The OPI ‘IO Device Standby List, Change’ should be used when defin-ing standby devices for alpha terminals.

The command IOSYC is used for the definition of the System Standby device. The system standby can be any normally defined AT, AF or AMTP device. Once defined, the system standby cannot be removed, but the actual IO device can be changed by use of command IOSYC.

The system standby can be suppressed for spontaneous printouts routed on printout category - as has been shown earlier - by use of the parameter NOSYST in the command IOROL.

The system standby device can be printed out by use of the command IOSYP.

6.5.1 Detachable IO devicesA detachable IO device is a temporary device attached to a permanently connected line. A strapping plug in the device connector replaces the IO device when this is detached. These devices are defined with the parameter DET in the command IOIOI.

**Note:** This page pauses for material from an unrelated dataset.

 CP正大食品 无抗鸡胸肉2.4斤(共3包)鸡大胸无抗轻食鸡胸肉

A detachable IO device cannot be defined as a standby device by any of the above commands.

6.6 Device Attendance Status An alphanumeric IO device can have status attended or unattended. The status is an implication of whether or not the device is monitored by oper-ation and maintenance staff.

Attendance is set by command IODAC and the intention is that when the operator starts working in the switch he/she starts by defining the terminal as attended. Likewise the terminal is defined as unattended when the oper-ator leaves.

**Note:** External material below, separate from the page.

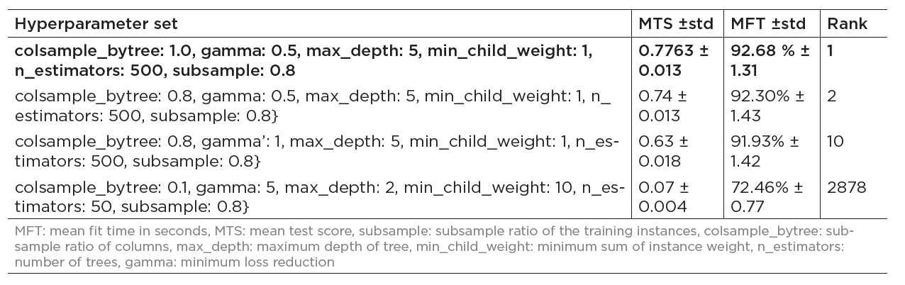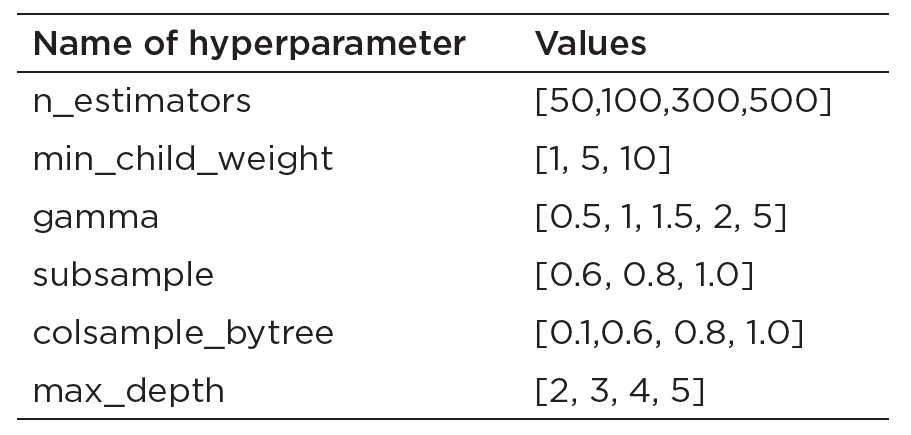 Table 1: Hyperparameter set for 5-fold cross-validation modelling with XGBoost classifier

A device that has been inserted in a printout routing path (commands IOROL, IOROI) does not automatically receive the printouts belonging to the relevant printout category. It is the attendance status of the device that decides if the printout shall be sent to the device or not.

The definition of the printout routing indicates which printouts are to be printed if the device is attended or if the device is unattended. The values of command parameter CLASSA say which printout classes may be printed if the device is attended and the values of CLASSUA determine the same for unattended devices.

Control rooms - i.e. the exchange - also have attendance status. If a control room has status attended then all relevant alarms will be sent to the alarm panel in the control room.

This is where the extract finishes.